I found a website which I think is very interesting. http://www.measuringworth.com/index.php

It has a lot of data tools on it but what caught my eye was the comparison of real/nominal GDP histories. On his website, Cynicus used to make the point that GDP is not worth discussing unless you net for inflation. So this website makes looking at this data quite easy.
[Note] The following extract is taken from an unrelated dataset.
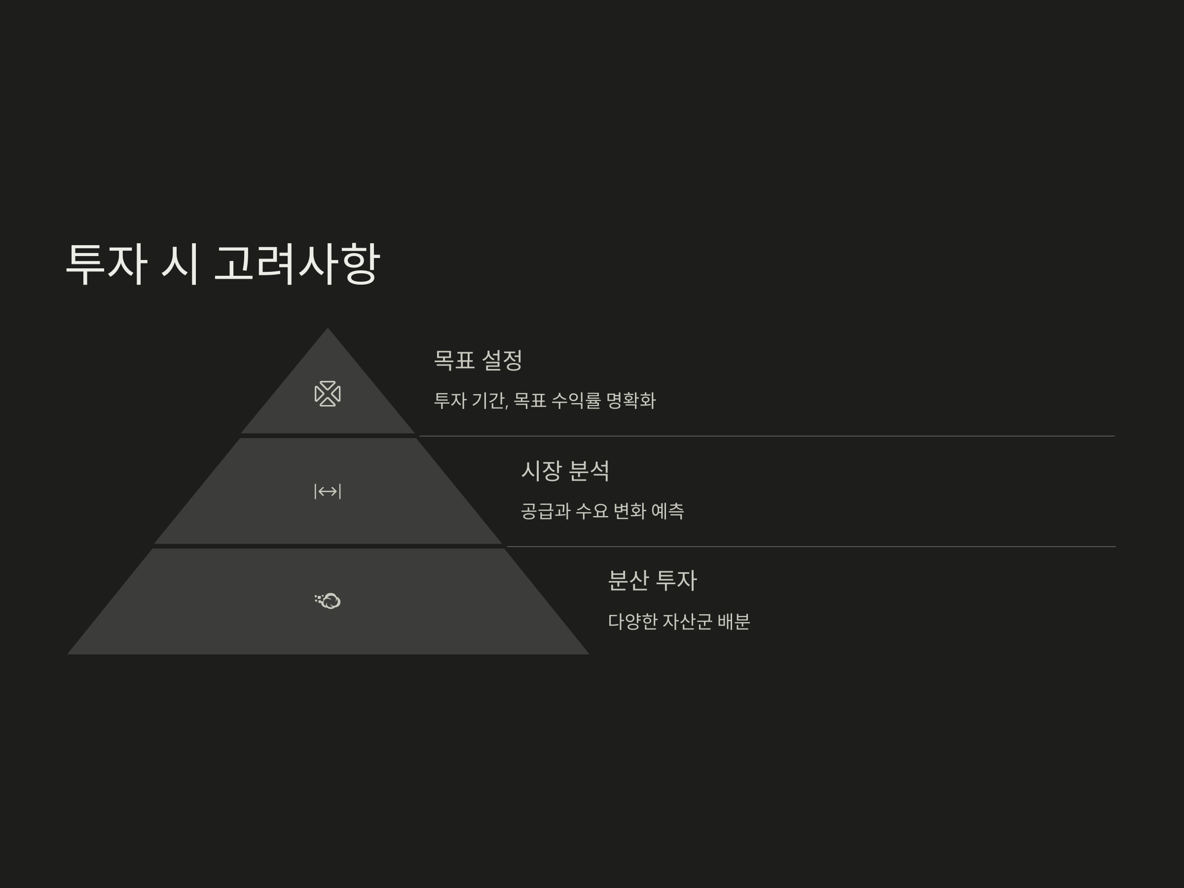 커머더티 투자에 접근할 때는 몇 가지 중요한 사항을 고려해야 합니다. 첫째, 시장 분석이 필수적입니다. 공급과 수요의 변화를 예측하고, 그에 맞는 투자 결정을 내려야 합니다. 또한, 투자 기간과 목표 수익률을 명확히 설정하여 투자 전략을 수립해야 합니다.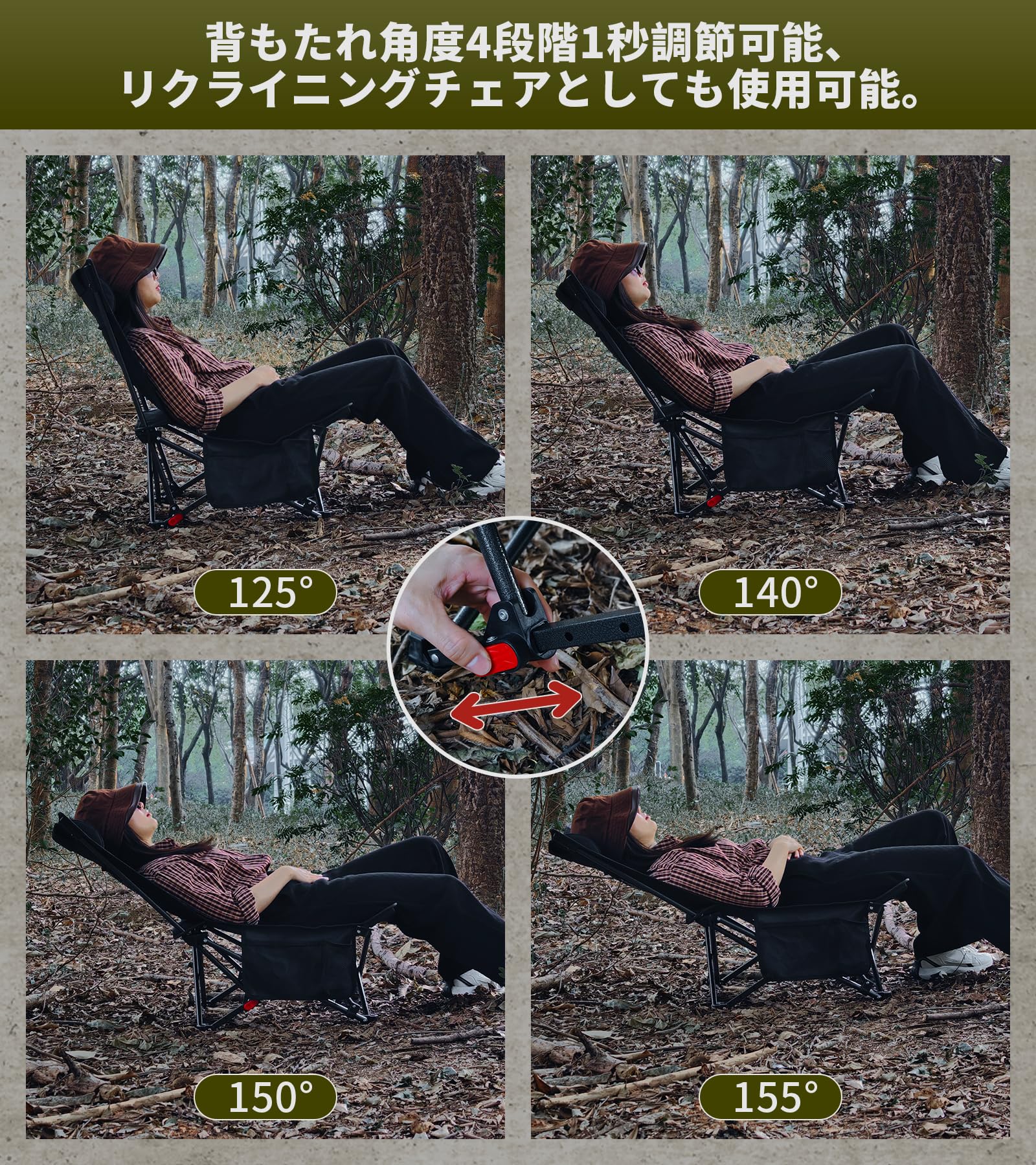 【新着】DesertFox キャンプチェア リクライニングチェア アウトドアチェア 単品/セット 折りたたみ 背もたれ角度4段階調節 コンパクト 1秒設営・撤収 ローチェア 軽量【耐荷重150kg】イス 椅子お釣り 登山 携帯便利 ピクニック レジャー キャンプ用 STY | GIGATERA

What I found interesting is when you look back across previous recessions (I went back to 1971 because that's when I was born) there hasn't been a "real" drop in GDP anything like as fast or as much. For example:

Real GDP

2008 2009 % less

1330088 1264646 95.1%

1990 1992 % less

863019 852250 98.8%

1979 1981 % less

674110 651345 96.6%

1973 1975 % less

617164 605277 98.1%

(edited for table formatting)

So in 1 year we've dropped considerably further and faster than before, draw your own conclusions......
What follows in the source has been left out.